Lots of people have ideas about how to change Medicare's unpopular two-midnight rule for short patient stays. But based on the public comments the CMS solicited in May, there's no consensus on what a new policy should look like.
Experts mostly agree the two-midnight rule is unlikely to be scrapped, but it may take a new form with more flexibility. Ted Doolittle, who worked as deputy director of the CMS' fraud and abuse unit from 2011 to early 2014, said the agency has to find a happy medium from its current all-or-nothing payment approach. “Let's turn it to a ski slope instead of a cliff,” said Doolittle, who now works as an attorney for LeClairRyan.
The two-midnight rule was part of Medicare's fiscal 2014 inpatient rule. It attempts to define a medically necessary Medicare inpatient admission. It says when an admitting physician reasonably expects a patient will need a hospital stay that spans at least two midnights, the hospital is eligible for Part A reimbursement. But if a patient stays in a hospital for fewer than two nights, hospitals should list the encounter as observation and bill Medicare for the lower Part B payment, which also imposes higher cost-sharing on patients. Another issue is that patients under observation care are not eligible for Medicare-covered nursing and rehabilitation services, which require three nights as a hospital inpatient.
In light of the rule's unpopularity, the CMS asked for public comment on how to improve payments for short stays, but there was no consensus on a new policy, CMS spokesman Alper Ozinal said.
One proposed solution involves removing the criteria that patients spend two consecutive midnights in the hospital.

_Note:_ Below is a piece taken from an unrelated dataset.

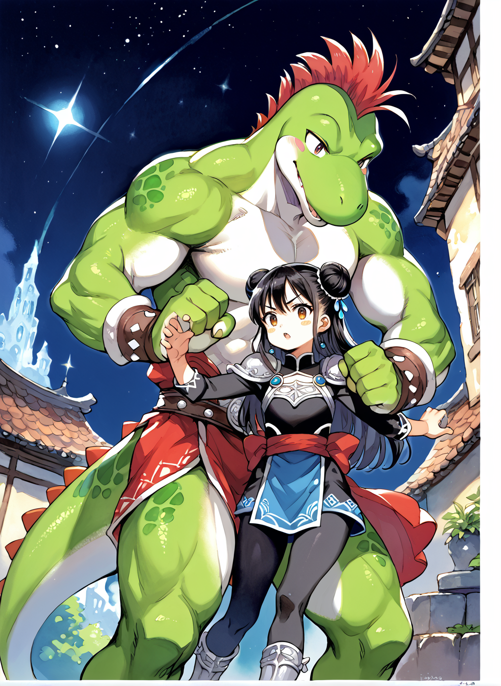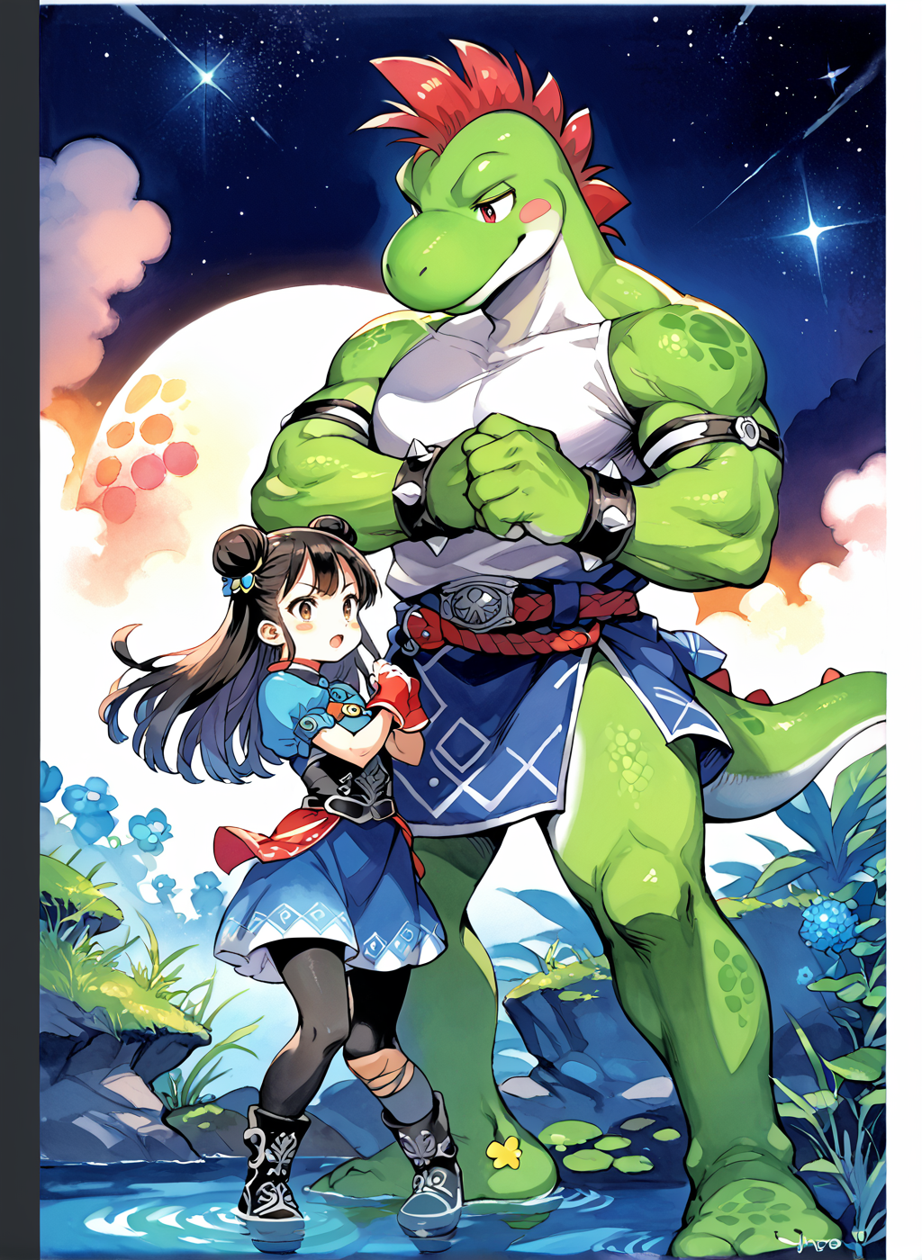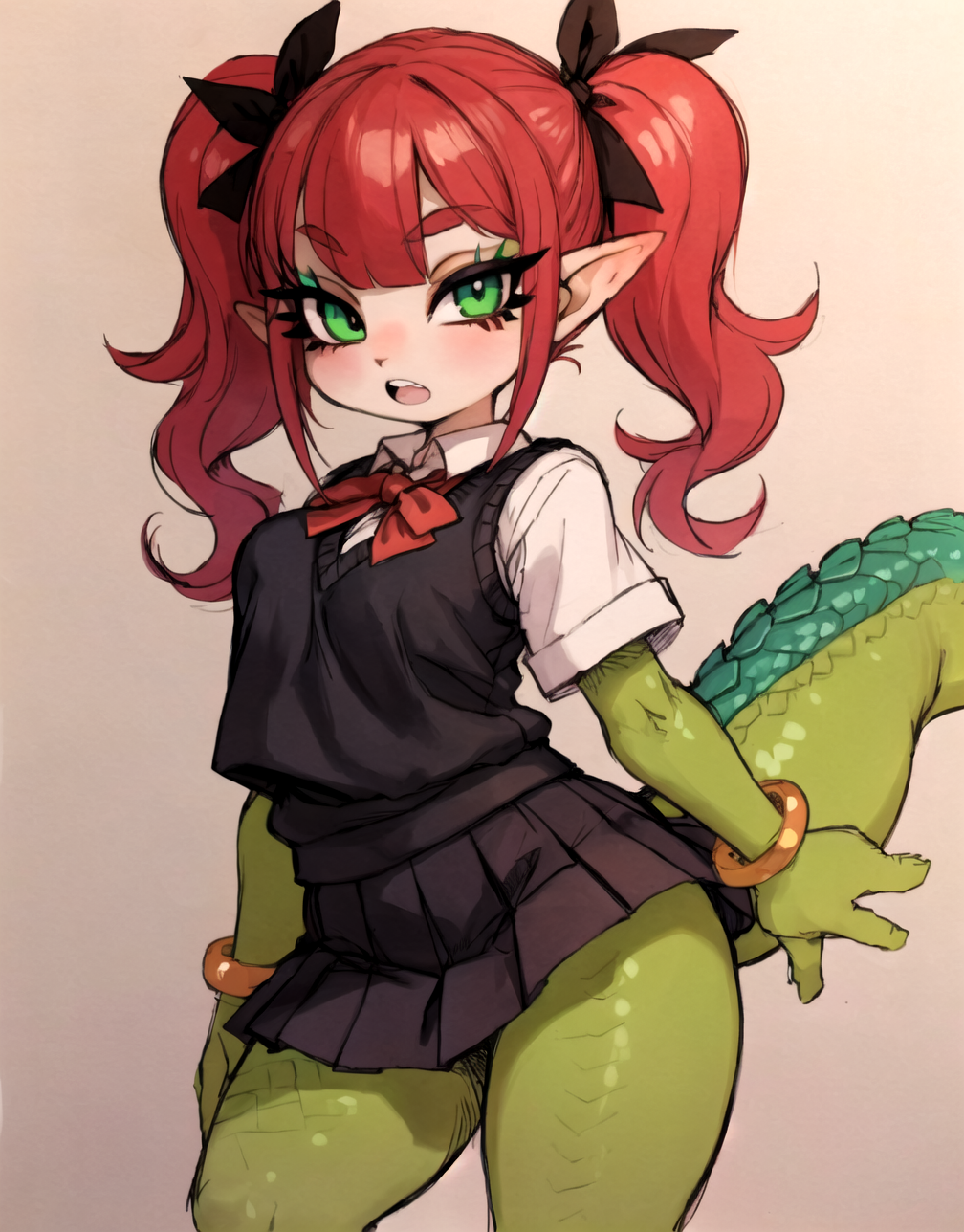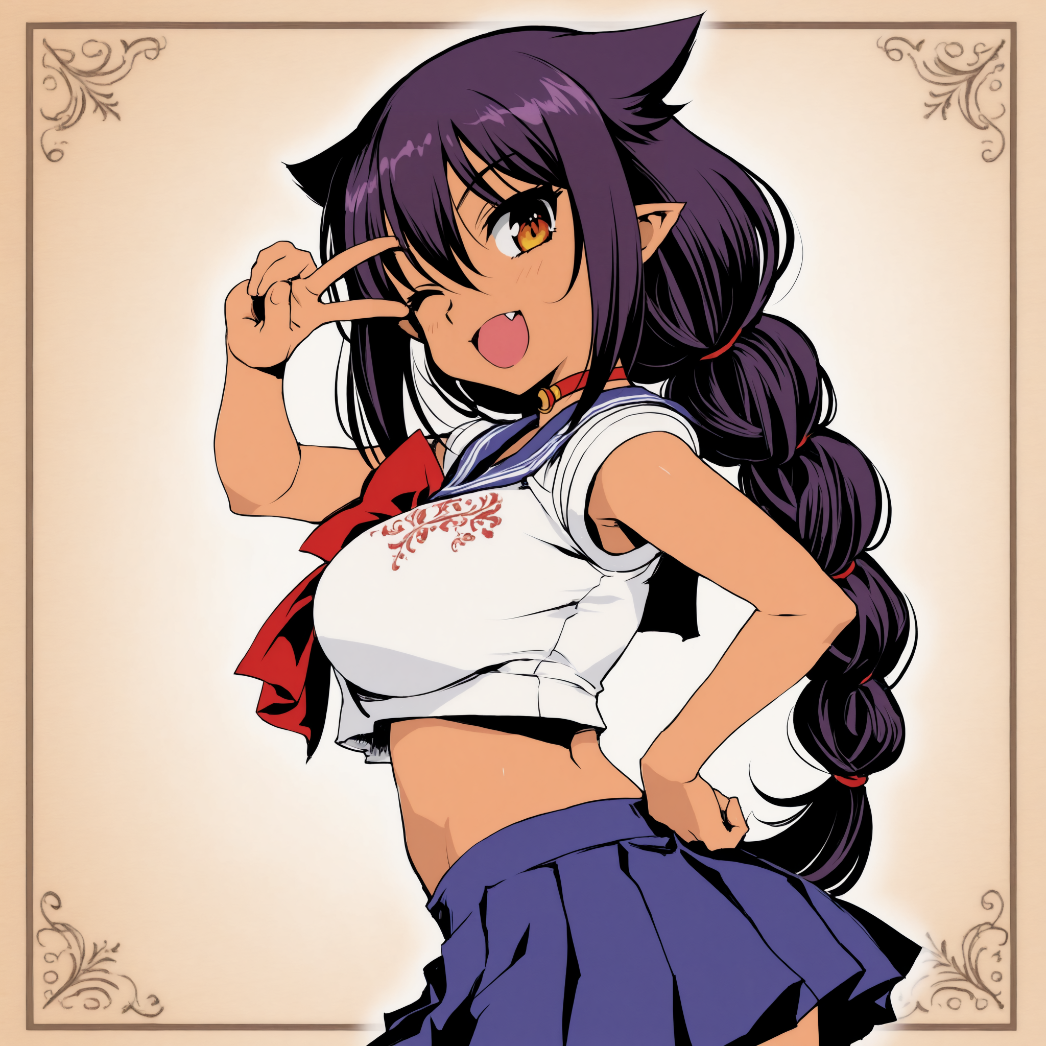Adding some thoughts behind the thought process that went into some of the gens. As of late I've been using the model satyrremixDaybreak_v10 because it's a flexible anime model that handles many different style loras well while giving a lot of detail. It's not the best for monster girl material but does kemonomimi decently. It can also do kemono stuff if you're interested in that. While it can do loli just fine, it's more aimed to generate curvy body types. The body type and lora flexibility is why I used the model for this one.

The Medicare Payment Advisory Commission said that requirement creates a “timing inequity, whereby cases are paid differently depending upon whether they were admitted just before or just after midnight.”
Instead, observers say the CMS could establish a sliding payment scale that prioritizes specific hours of care and services provided. For example, if a patient is admitted and stays in the hospital for 32 hours, the hospital could break down what services were provided in four eight-hour periods. If the most expensive care was delivered in the first 16 hours, Medicare could pay hospitals inpatient rates for that timeframe and lower rates for the latter half of the stay.